A Biography of Woodrow Wilson

By Tim Lambert

Woodrow Wilson was the 28th president of the USA. He was born in Staunton, Virginia on 28 December 1856. His father, Joseph Wilson was a Presbyterian minister. His mother Janet Woodrow Wilson was born in Carlisle, England.

When Woodrow was a child he lived in Georgia, South Carolina, and North Carolina. Wilson attended Princeton University from 1875 to 1879. Afterward, he studied law at the University of Virginia and he became a lawyer in 1882.

However, in 1883 Wilson went to John Hopkins University and, in 1886 he obtained a Ph.D. in political science. Afterward, he worked as a lecturer. In 1902 he became president of Princeton University.

Meanwhile, in 1885 he married Ellen Louise Axson. The couple had three daughters. Sadly his first wife died in 1914.

In 1910 Wilson was elected governor of New Jersey. In 1912 he was nominated by the Democratic Party and that November he was elected president of the USA. Wilson presided over a series of reforms including the Clayton Antitrust Act of 1914. When war broke out in Europe in 1914 Wilson was determined to keep the USA neutral. In 1916 he was re-elected as ‘the man who kept us out of war’. But it was not to last.

On 1 February 1917, Germany began unrestricted submarine warfare. That meant that any neutral ship attempting to trade with Britain was a target for submarines. Furthermore, British intelligence intercepted a telegram from Arthur Zimmermann, German Foreign Secretary. It stated that in the event of a war between Germany and the USA, efforts should be made to persuade Mexico to attack the USA. The Mexicans were offered parts of the USA as a reward if they did so.

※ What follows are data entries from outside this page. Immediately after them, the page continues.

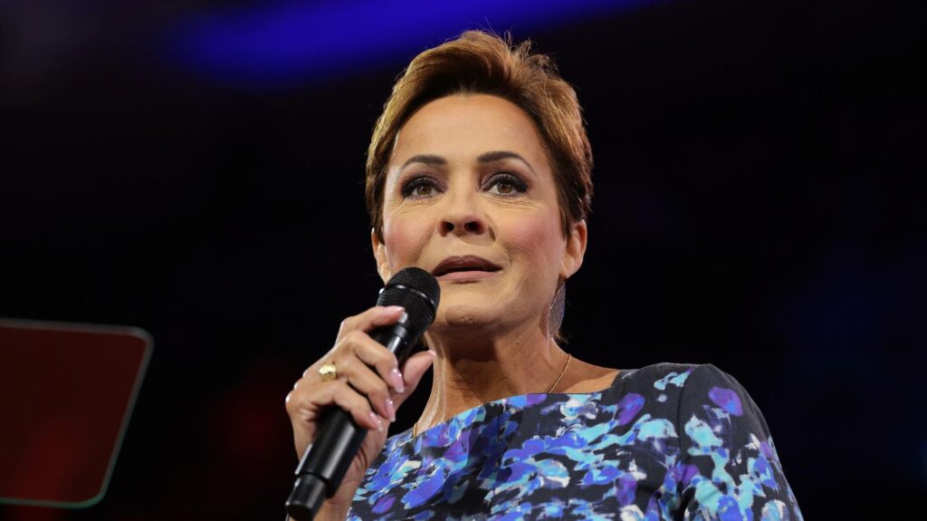 Kari Lake, who leads Voice of America (VOA), speaks at the Conservative Political Action Conference … More (CPAC) on February 21 in Oxon Hill, Maryland.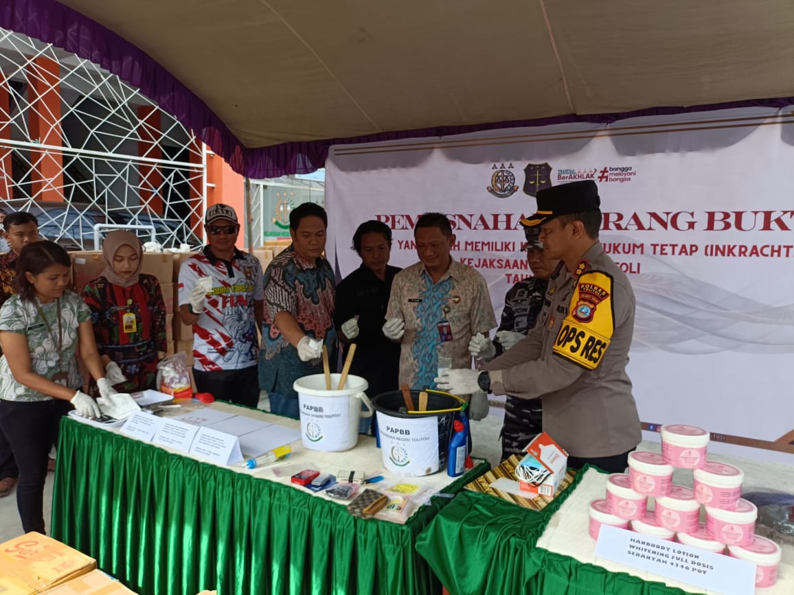 PosRakyat – Kejaksaan Negeri (Kejari) Kabupaten Tolitoli memusnahkan sejumlah barang bukti tindak kejahatan, di antaranya berupa narkoba, rokok ilegal dan Kosmetik Ilegal yang ditangani kejaksaan Tolitoli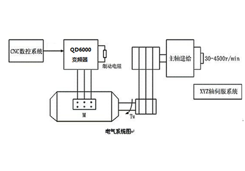 | 04 System Introduction: In this system, the 4KW CNC machine tool spindle is driven by the RVE32 5.5KW inverter, and the fast braking and stopping are realized through the external braking unit and braking resistor. The speed variation caused by the load change is very small by the open-loop vector control. | | ||||||||||||||||||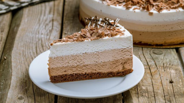 3- لتحضير الطبقة الثالثة: في وعاء، أخفقي الكريمة، السكر، والفانيليا حتى يكثف المزيج. في وعاء ثانٍ، أخلطي الكاكاو وجبن الكريم حتى يتجانس المزيج. أضيفي خليط الشوكولاتة بالتناوب مع مزيج الجيلاتين والماء إلى مزيج الكريمة وقلّبي المزيج حتى يتجانس. إفردي المزيج فوق الطبقة الثانية.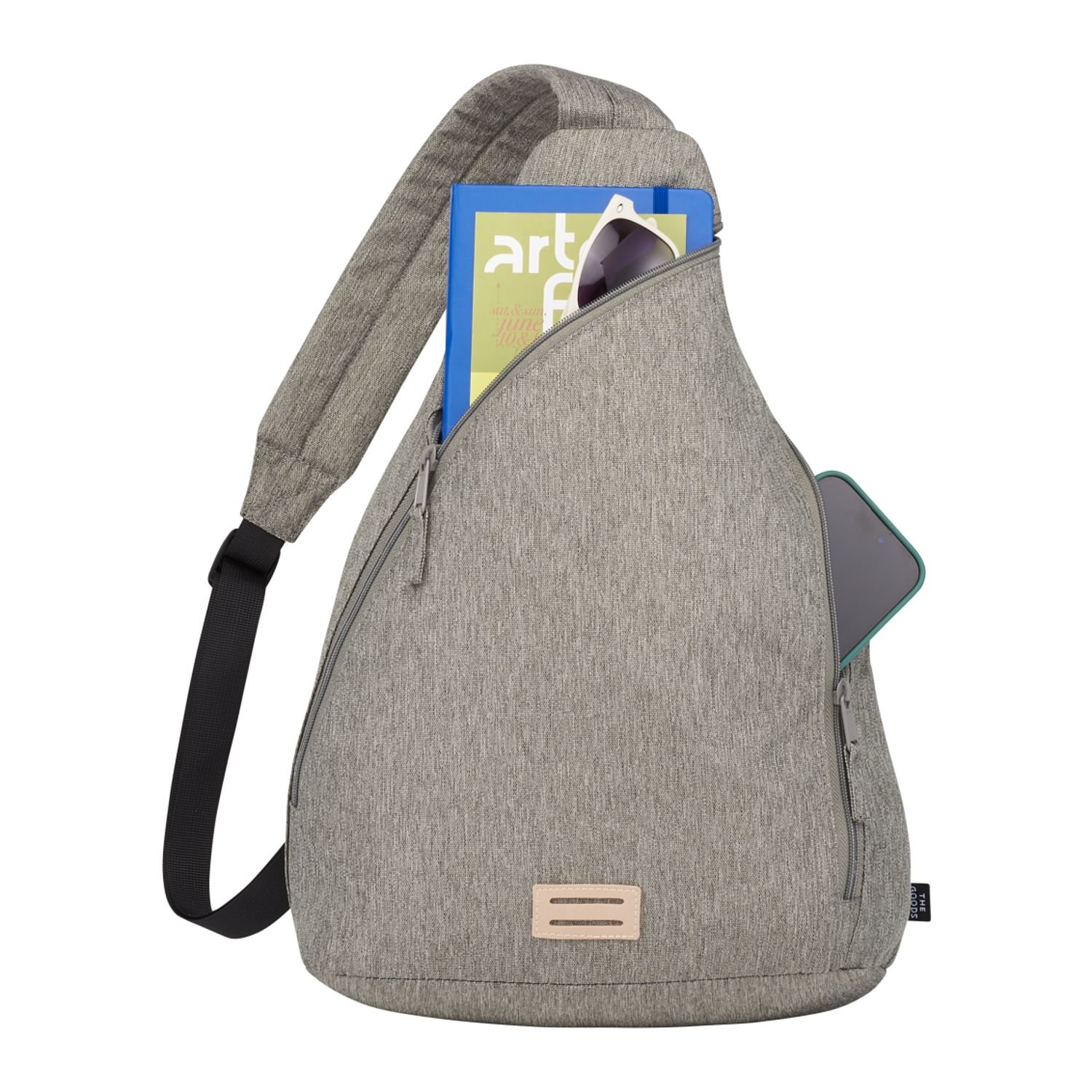 The Goods Recycled Sling is made from 600D RPET. This sling features a front zippered pocket and a zippered main compartment. The padded, adjustable shoulder strap and RPET lash tab upgrade this sling. Through a partnership with 1% For The Planet, one percent of sales of all EcoSmart® products are donated to environmental nonprofits.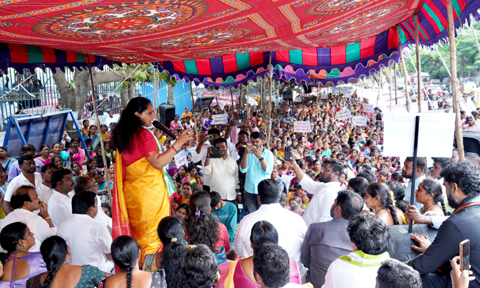 వీవోఏల హక్కుల సాధన కోసం లాఠీ దెబ్బలు తినేందుకైనా సిద్ధమని తెలంగాణ జాగృతి (Telangana Jagruthi) అధ్యక్షురాలు కల్వకుంట్ల కవిత అన్నారు. ఇందిరాపార్క్ లోని ధర్నా చౌక్ లో వీవోఏలు చేపట్టిన ధర్నాలో ముఖ్య అతిథిగా పాల్గొని మాట్లాడారు. మొన్నటి ఎన్నికల్లో కాంగ్రెస్ నాయకులు VOA(విలేజ్ ఆర్గనైజేషన్ అసిస్టెంట్)లకు 26 వేలు జీతం పెంచుతామని హామీ ఇచ్చారని గుర్తుచేశారు. అసలు అధికారంలోకి వస్తామని వారికే నమ్మకం లేకుండెనని, అందుకే ఇష్టానుసారం హామీలు ఇచ్చారని విమర్శించారు. అనుకోకుండా తప్పుదారిన అధికారంలోకి వచ్చారని ఎద్దేవా చేశారు. ఇప్పుడు రేవంత్ రెడ్డి(Revanth)కి ఇచ్చిన హామీలు గుర్తు లేవని కవిత మండిపడ్డారు.

On 6 April 1917, the USA declared war on Germany. America had a strong navy but a relatively small army. However, conscription was introduced and the USA began to raise a huge army. The first US troops were sent to France in June 1917 but it was the spring of 1918 before large numbers arrived.

In January 1918 Wilson put forward 14 points that he believed should be the basis of a peace treaty. However, the US Senate refused to ratify the Treaty of Versailles.

Meanwhile, in 1915 Wilson married his second wife Edith Bolling Gatt. In 1919 he suffered a stroke. Wilson left office in March 1921. He became a partner in a law firm but he was too ill to do very much work. Woodrow Wilson died on 3 February 1924.